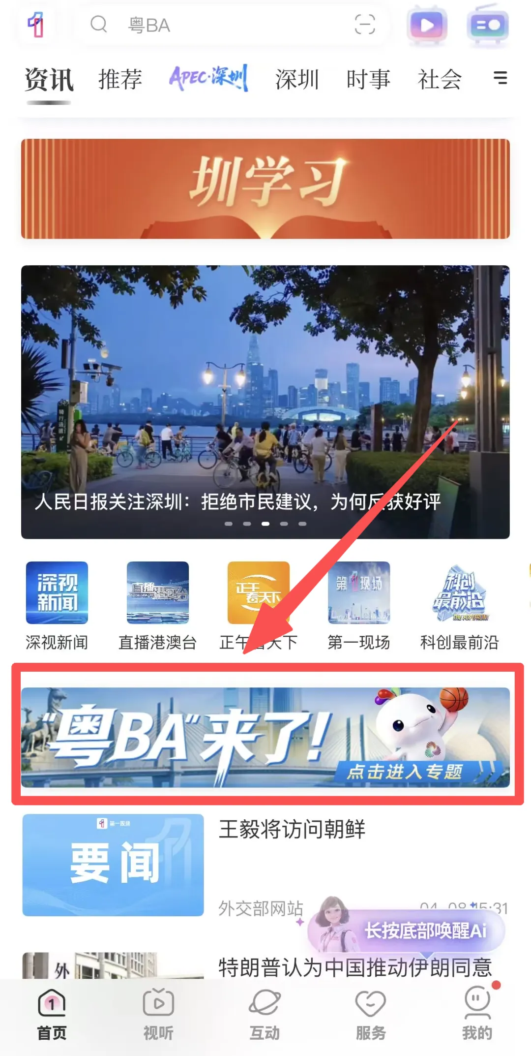 点击底部菜单【首页|资讯】入口——点击进入“粤BA来了!”专区
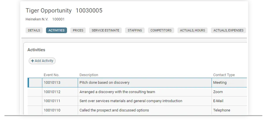 - Track Activities - Business development team members can easily identify relevant efforts taken for each opportunity - Assign activities to team members to establish accountability - Create a template by opportunity type to identify required activities and ensure greater likelihood of success
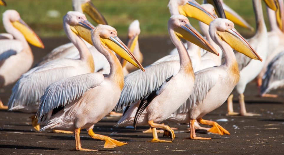 Пеликаните са силно защитени птици. Разпознават се по огромната кожна торба под клюна.
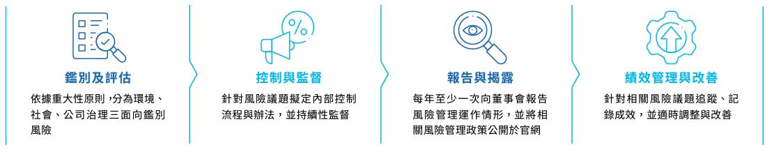 在管理階層中,則以「ESG推動組織」為最高監督及指導單位,由總經理擔任召集人,副總經理擔任管理代表,帶領經營團隊督導ESG風險管理業務之推動,依風險危害之潛在影響程度,擬定公司因應策略,督導各項專案之落實並每年鑑別ESG風險及機會。
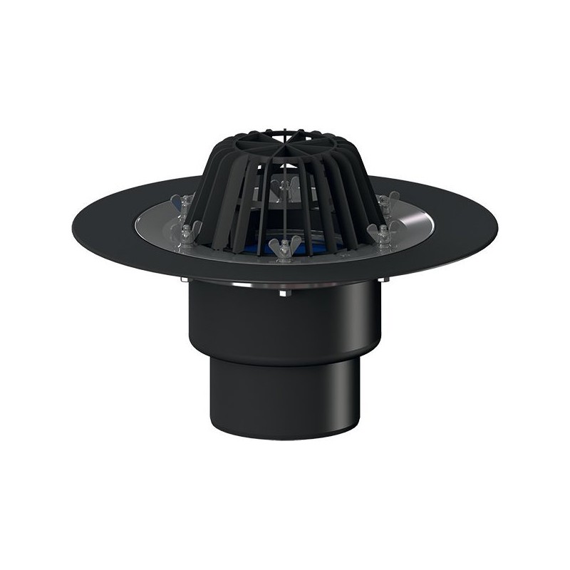 Wpust dachowy grawitacyjny DN110 pionowy z koszem na liście i stalowym pierścieniem skręcanym
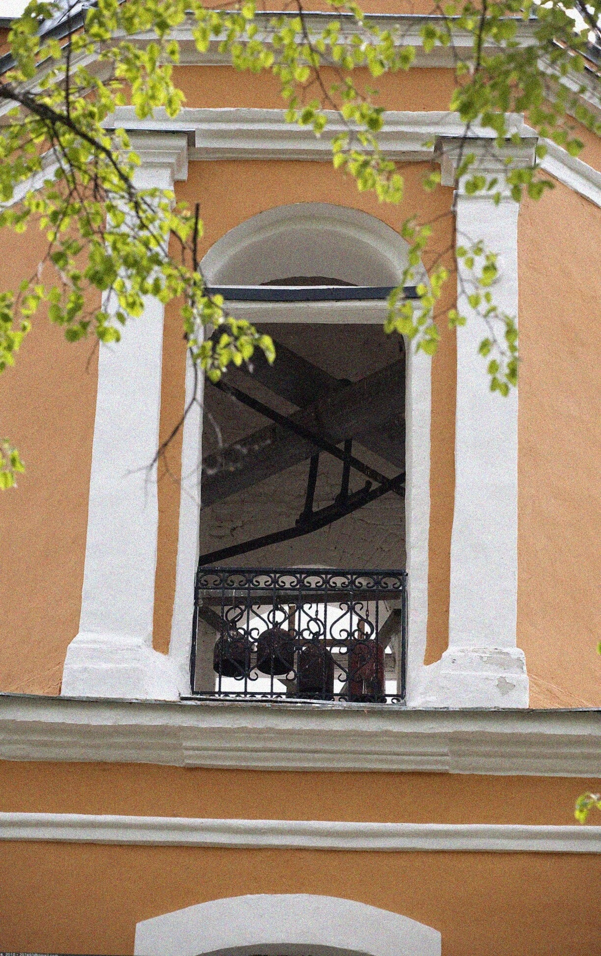 На снимке чётко виден фрагмент стены колокольни, выполненной из кирпича и окрашенной в тёплые охристые тона, которые гармонично сочетаются с белыми декоративными элементами. Выразительные пилястры и арочный проём, обрамлённые белым камнем, придают сооружению строгость и величие. В арочном проёме открытой звонницы размещены колокола, подвешенные на прочном кованом ограждении, готовые в любой момент возвестить округу благой вестью.
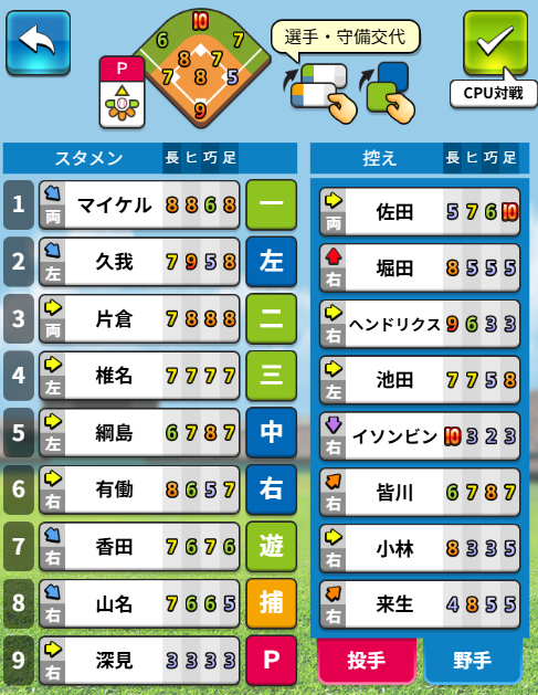 守備型の選手である綱島や香田、山名も上記選手と比べると見劣りするだけで全く何もできない訳ではなく(HRを狙える長打7があるのがありがたい。綱島も絶好調なら7を超える他、粘り強い持ちなのでバントヒットも狙える)、控えのヘンドリクスやイソンビンはパワーが魅力で代打要員も揃っている。チームとしての走力は佐田の走力10の他、片倉、久我、マイケル、池田が8とそれなりに速い。
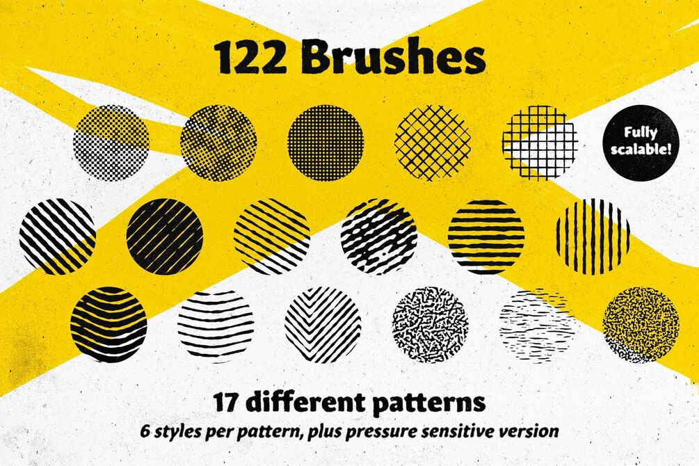 Inspired by old printing techniques and vintage illustrations, these halftone patterns are versatile enough to suit any project, the patterns used in the brushes are all seamless and scalable,
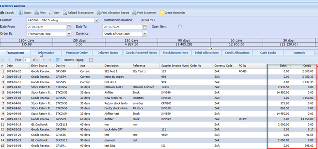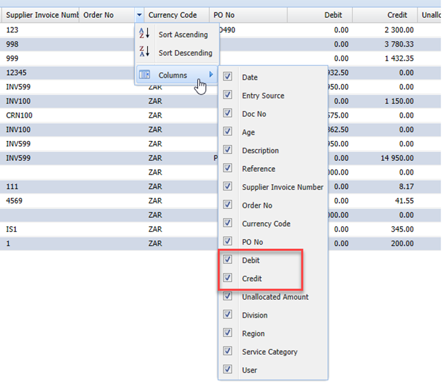 This will show you the active and hidden columns, check that the credit column is ticked
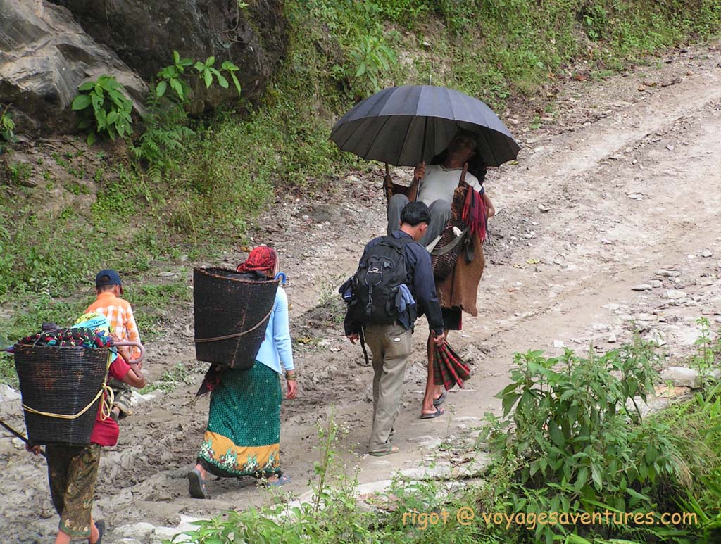 Les porteurs sont les routiers du Népal. Dans ce pays montagneux, les routes sont peu nombreuses et se limitent aux vallées les plus importantes. Pour la majorité des villages de montagne, le ravitaillement est donc réalisé à dos d'homme (et quelques fois de femmes).
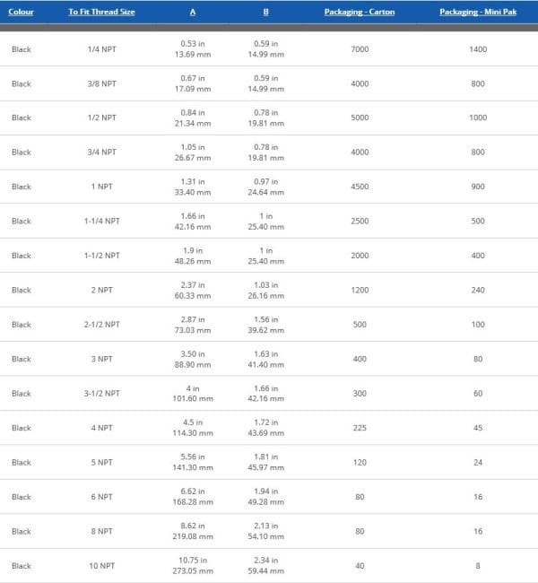 BACKING RING TABLE D Irrigation Unlimited
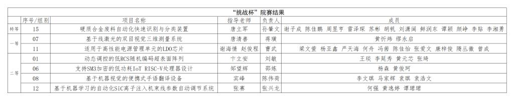 经项目申请、评委答辩、学院研究讨论,现将物电学院2023年“挑战杯”大学生课外学术科技作品竞赛入围校赛项目公示如下:
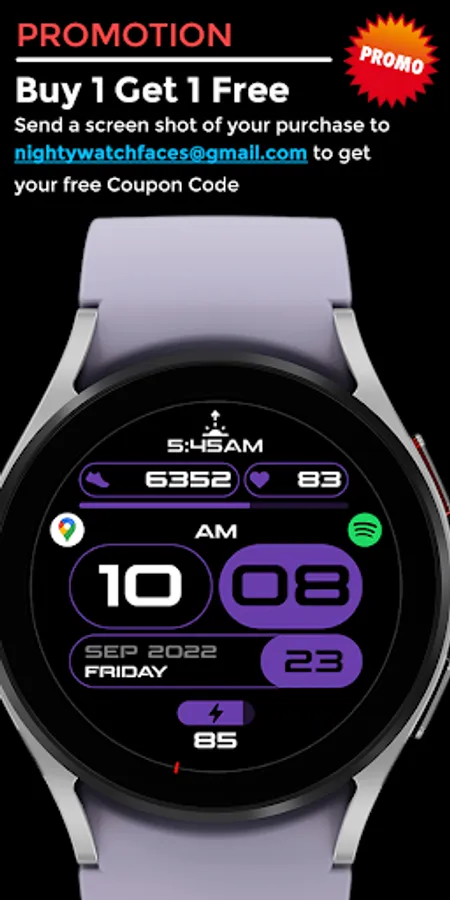 Send a screenshot of your purchase to nightywatchfaces@gmail.com to get your free promo code
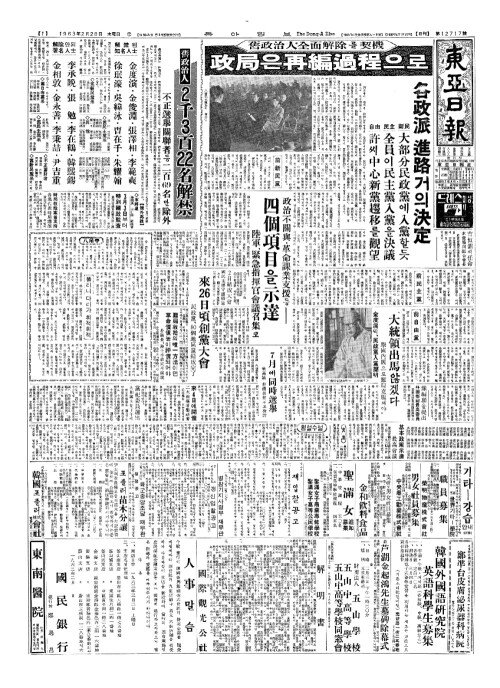 - 舊政治人全面解除(구정치인전면해제)를契機(계기) 政局(정국)은再編過程(재편과정)으로
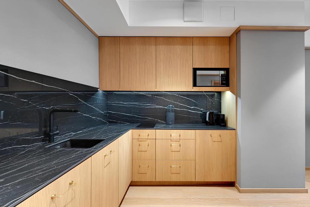 Apartament typu Suite z 1 sypialnią. This spacious suite includes 1 living room, 1 separate bedroom and 1 bathroom with a walk-in shower and free toiletries. Guests can make meals in the kitchenette that is fitted with a stovetop, a refrigerator, a dishwasher and kitchenware. There is air conditioning, a private entrance and a balcony and complimentary winechampagne is offered for guests. The unit has 2 beds. Powierzchnia pokoju ok.: 58 mkw. ;

== Prompt ==
Every line from the one with "在管理階層中,則以「ESG推" through the one with "На снимке чётко" is to be reproduced exactly as written above, and the pictures are to be dropped.

== Response to the task ==
 在管理階層中,則以「ESG推動組織」為最高監督及指導單位,由總經理擔任召集人,副總經理擔任管理代表,帶領經營團隊督導ESG風險管理業務之推動,依風險危害之潛在影響程度,擬定公司因應策略,督導各項專案之落實並每年鑑別ESG風險及機會。
 Wpust dachowy grawitacyjny DN110 pionowy z koszem na liście i stalowym pierścieniem skręcanym
 На снимке чётко виден фрагмент стены колокольни, выполненной из кирпича и окрашенной в тёплые охристые тона, которые гармонично сочетаются с белыми декоративными элементами. Выразительные пилястры и арочный проём, обрамлённые белым камнем, придают сооружению строгость и величие. В арочном проёме открытой звонницы размещены колокола, подвешенные на прочном кованом ограждении, готовые в любой момент возвестить округу благой вестью.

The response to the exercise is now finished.